The Board concludes the claim should be paid in the amount of $5,000.00 based on equitable principles. The Board further concludes, under authority of s. 16.007(6m), Stats., payment should be made from the Department of Transportation appropriation s. 20.395(3)(cq), Stats.
14. Frederick Saecker of Redwing, Minnesota has filed a claim with the Claims Board for innocent conviction under section 775.05, Stats. At this time, he has an action for legal malpractice pending in the 7th Circuit against his trial attorney. The claimant requests that the board consider his claim prior to the resolution of his outstanding legal action.

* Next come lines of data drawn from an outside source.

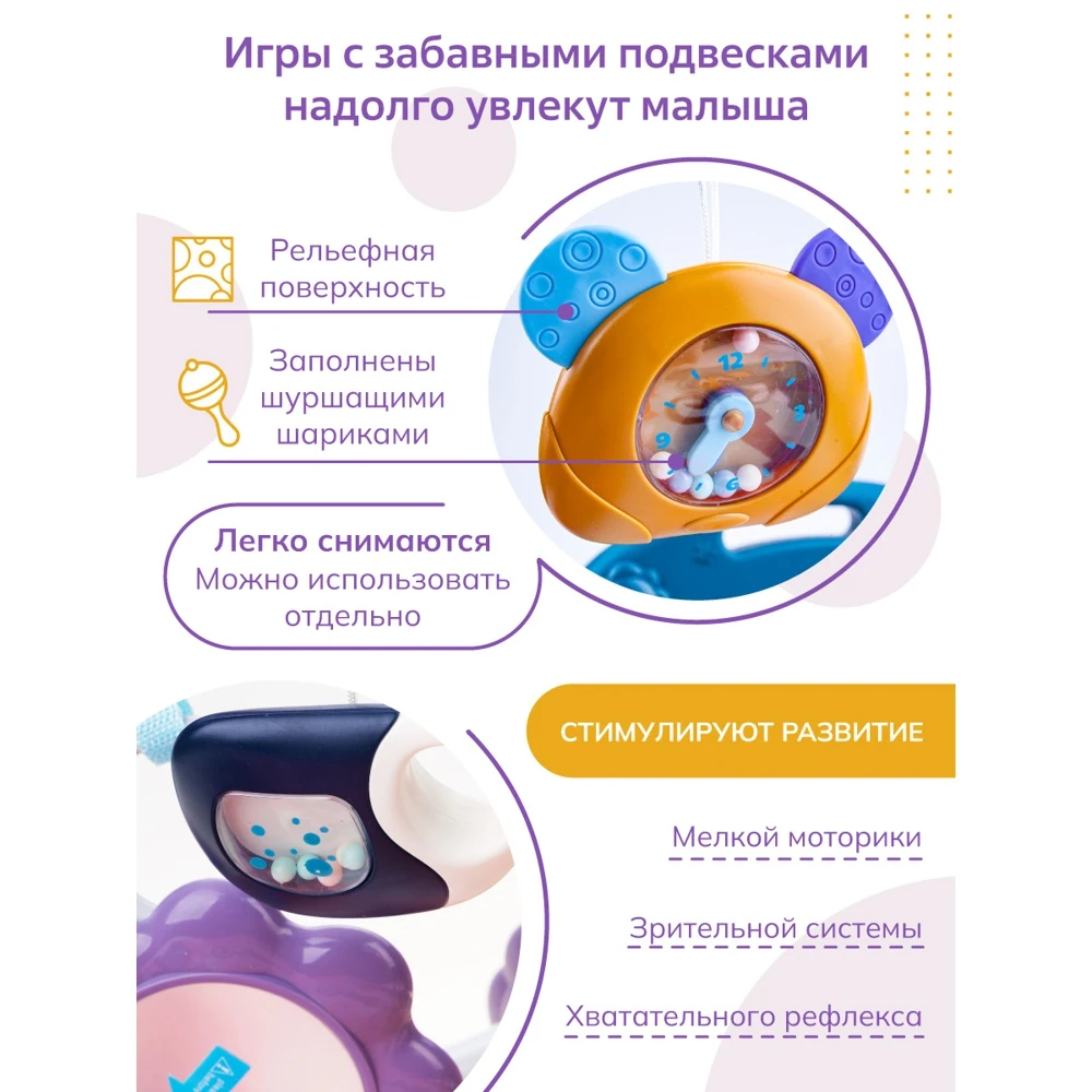 На развивающем коврике можно играть в трех положениях: на спинке, на животике или сидя. Малышу будет интересно тянуться за милыми игрушками, с помощью которых он будет изучать мир. Когда малыш научится сидеть, можно снять дуги и использовать коврик как мягкий и теплый пол для игр. Коврик способствует развитию мелкой моторики и служит средством тактильного восприятия. Яркий развивающий коврик с дугами и игрушками развивает умение наблюдать, концентрировать внимание и удерживать предметы в руках, а также цветовое и звуковое восприятие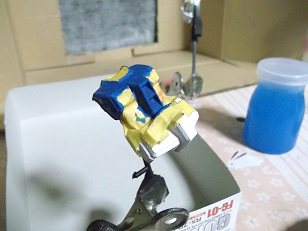 そんでメタルプライマーを塗りたくって中毒になりそうだったシャアザクも乾燥してきたので、早速ちょろちょろ筆塗り開始。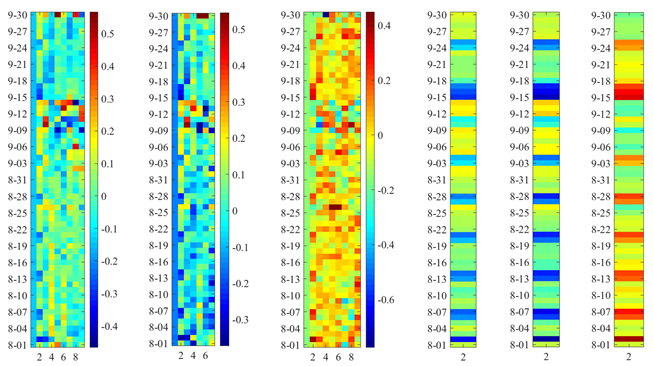 Fig. 4. The visualization of decomposed factor matrix along day dimension, from left to right, the first three heat maps are trained by the 30%, 50% and 70% missing, respectively. Notably, the right three heat maps are the second column of left three heat maps. Under different missing rates, the similar trend is obtained by the tensor decomposition model.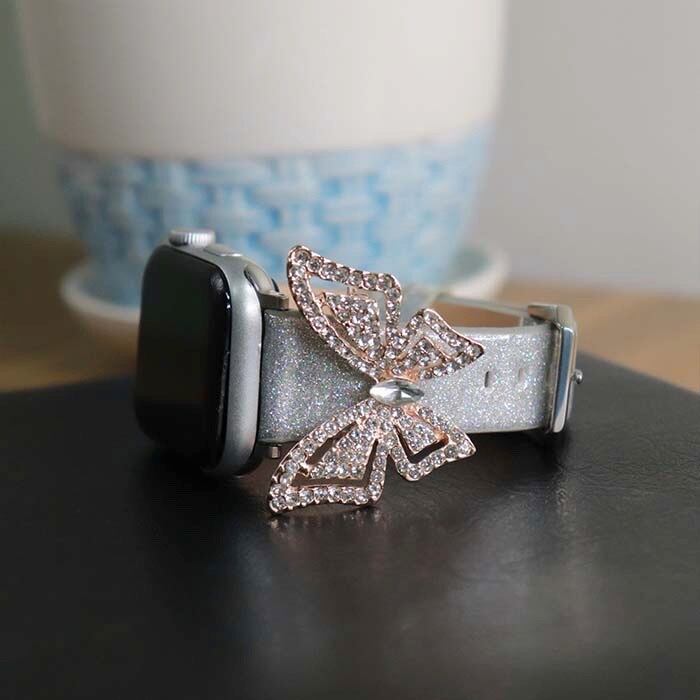 レディース 可愛い お洒落 アクセサリ 腕時計 アップル ウォッチ Apple Watch バタフライ ストーン キラキラ 光る 反射 スマートウォッチ 時計 ファッション 金具 バンド ベルト 交換 装飾 綺麗 ブラック シルバー ピンク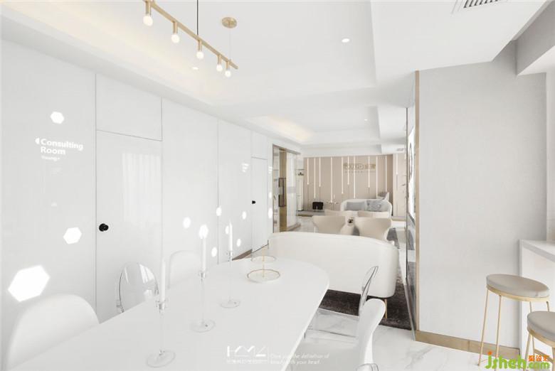 會議區(qū)與接待區(qū)合并在一起,裝修公司將室外美景利用落地玻璃窗引到室內,室內外無過渡的融合,客戶在體驗的同時,我們的技師在這里開會研討,空間的利用更加多元化,超白玻結合整體燈箱照明在這個墻面也是繼續(xù)延用,整體空間更加完整統(tǒng)一。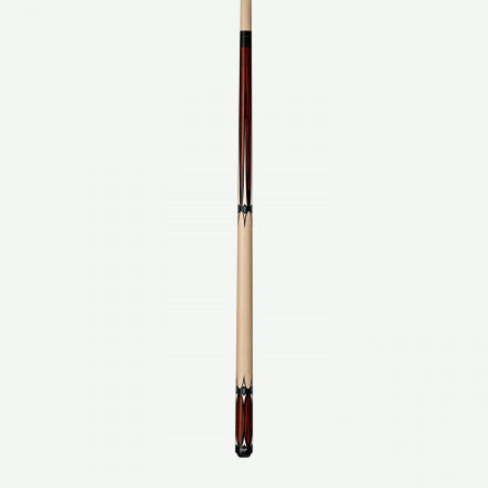This modern traditional Rage cue features 100% Hard Rock Maple construction with graphic cocobolo forearm and butt, graphic black and white points with blue diamond accents, Implex joint and sleek wrapless handle.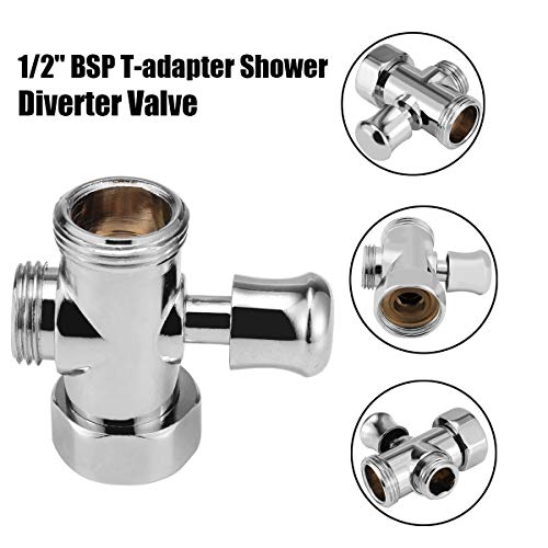 Valvola deviatore a 3 vie per doccia, valvola deviatore per bagno, WC, bidet, 3/4" e 1/2" BSP, adattatore a T per doccia e doccetta, sistema di ricambio

The Board concludes that it is premature to consider this claimant's claim until after he has exhausted all other avenues of relief.
The Board concludes:
1. The claims of the following claimants should be denied:
Veaster Tillmon, Jr.
Hazel Samuel
Westra Construction
Robert and Carole Hawthorne
Georgianne Henning
Ronald Springer
Peggy S. Thran
Ken Truman
Anthony W. Wielgosz
2. Payment of the following amounts to the following claimants is justified under s. 16.007, Stats:
Roque Chavez $1,170.00
Ameritech, Inc. $5,000.00
Barbara Hestekin $5,000.00
3. The claim of Frederick Saecker should not be considered until all outstanding legal appeals have been exhausted.
The Board recommends:
Payment of $10,097.23 from the Department of District Attorneys to Jodi Dabson Bollendorf for attorney's fees incurred in relation to her job as an Assistant District Attorney.

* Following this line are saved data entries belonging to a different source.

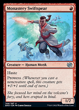 It’s been a long time since players have been asking for this card! Multiple Explorer and Historic Anthologies have passed without the card being announced, and players were remarkably disappointed… and confused. While most speculated that a power level problem was why this card wasn’t introduced, that no longer seems to be the case. Monastery Swiftspear is being reprinted in The Brothers’ War!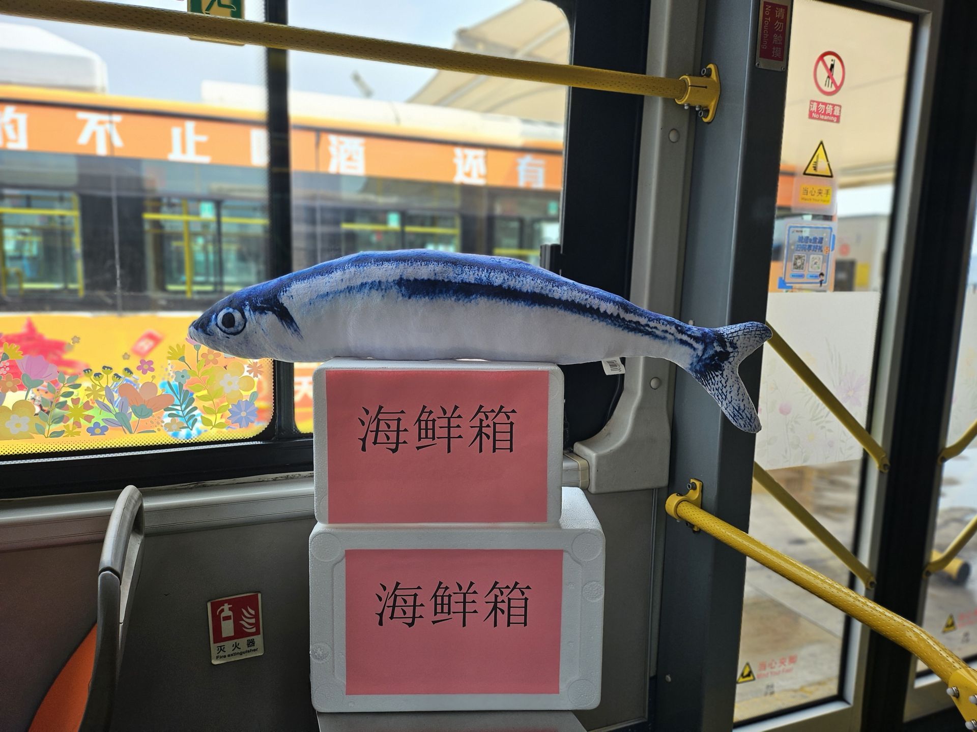 车厢中部,一处别出心裁的创意陈列格外引人注目:仿真鲅鱼造型玩偶憨态可掬,搭配标注“海鲜箱”字样的泡沫箱错落摆放,趣味还原了市民采购海鲜、走亲访友的鲜活场景。有乘客笑着说:“一上车还以为到了沙子口大集,那股子热闹劲儿一下子就出来了。”这种沉浸式的场景设计,让乘客在乘车途中便能感受到鲅鱼节独有的烟火气。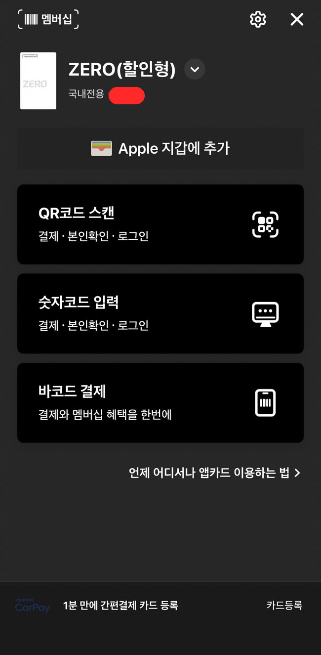 제가 사용중인 현대카드는 자동차 하이패스용으로 만들어 둔 카드였는데 다행히 추가로 카드를 만들지 않고도 잘 등록이 되었습니다.

Dated at Madison, Wisconsin this 13 day of July 2000.
Alan Lee, Chair
Representative of the Attorney General
Edward D. Main, Secretary
Representative of the Secretary of Administration
Sheryl Albers
Assembly Finance Committee
Brian Burke
Senate Finance Committee
Lawrence A. Wiley
Representative of the Governor
__________________
executive communications
State of Wisconsin
Office of the Governor
November 24, 2000
The Honorable, The Senate:
I am pleased to transmit my Stripper XX 2000 Oil Overcharge Plan for consideration by the Joint Committee on Finance (JCF) at the next s. 13.10, Wis. Stats., meeting. As required by s. 14.065, Wis. Stats. I am also forwarding a copy to the Chief Clerk of the Assembly.

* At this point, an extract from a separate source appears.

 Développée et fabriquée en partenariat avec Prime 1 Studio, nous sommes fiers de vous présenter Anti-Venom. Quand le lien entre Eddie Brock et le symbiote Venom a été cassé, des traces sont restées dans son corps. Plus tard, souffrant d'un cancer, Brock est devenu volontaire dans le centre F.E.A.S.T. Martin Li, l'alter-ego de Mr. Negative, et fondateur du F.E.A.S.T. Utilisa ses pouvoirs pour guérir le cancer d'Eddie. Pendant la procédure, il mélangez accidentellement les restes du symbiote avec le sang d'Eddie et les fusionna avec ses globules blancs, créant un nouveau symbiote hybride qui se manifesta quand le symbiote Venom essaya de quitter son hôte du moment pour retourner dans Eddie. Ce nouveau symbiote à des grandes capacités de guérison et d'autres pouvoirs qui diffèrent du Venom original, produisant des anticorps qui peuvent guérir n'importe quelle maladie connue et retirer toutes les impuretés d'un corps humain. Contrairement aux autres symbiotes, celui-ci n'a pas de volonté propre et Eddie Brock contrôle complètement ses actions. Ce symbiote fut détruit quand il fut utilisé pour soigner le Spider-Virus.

This year's Plan allocates $821,497.70 new Stripper monies plus all future accruing interest. If accepted and implemented, the recommended programs will reduce our dependence on petroleum based motor fuels and make our agricultural industry, commercial buildings and homes more energy efficient.
In addition to the JCF's action, the United States Department of Energy must also conduct a review to determine if Wisconsin's Plan conforms with Federal requirements and established definitions of restitution. The Department of Administration staff will be available to provide additional information that may be required. I appreciate your usual support.
Sincerely,
Tommy G. Thompson
Governor
Referred to committee on Health, Utilities, Veterans and Military Affairs.
S708__________________
referrals and receipt of committee reports concerning proposed administrative rules
State of Wisconsin
Revisor of Statutes Bureau
December 1, 2000
To the Honorable, the Senate:
The following rules have been published:
Sincerely,
GARY L. POULSON
Deputy Revisor
__________________
The committee on Agriculture, Environmental Resources and Campaign Finance Reform reports and recommends:
Relating to the wastewater fee program.
No action taken.
Relating to clean water fund program financial assistance.
No action taken.
Relating to the brownfield site assessment grant program administration.
No action taken.
Alice Clausing
Chairperson
The committee on Health, Utilities, Veterans and Military Affairs reports and recommends:
Relating to whether an alleged failure to comply with an interconnection agreement has a significant adverse effect on another party to the agreement.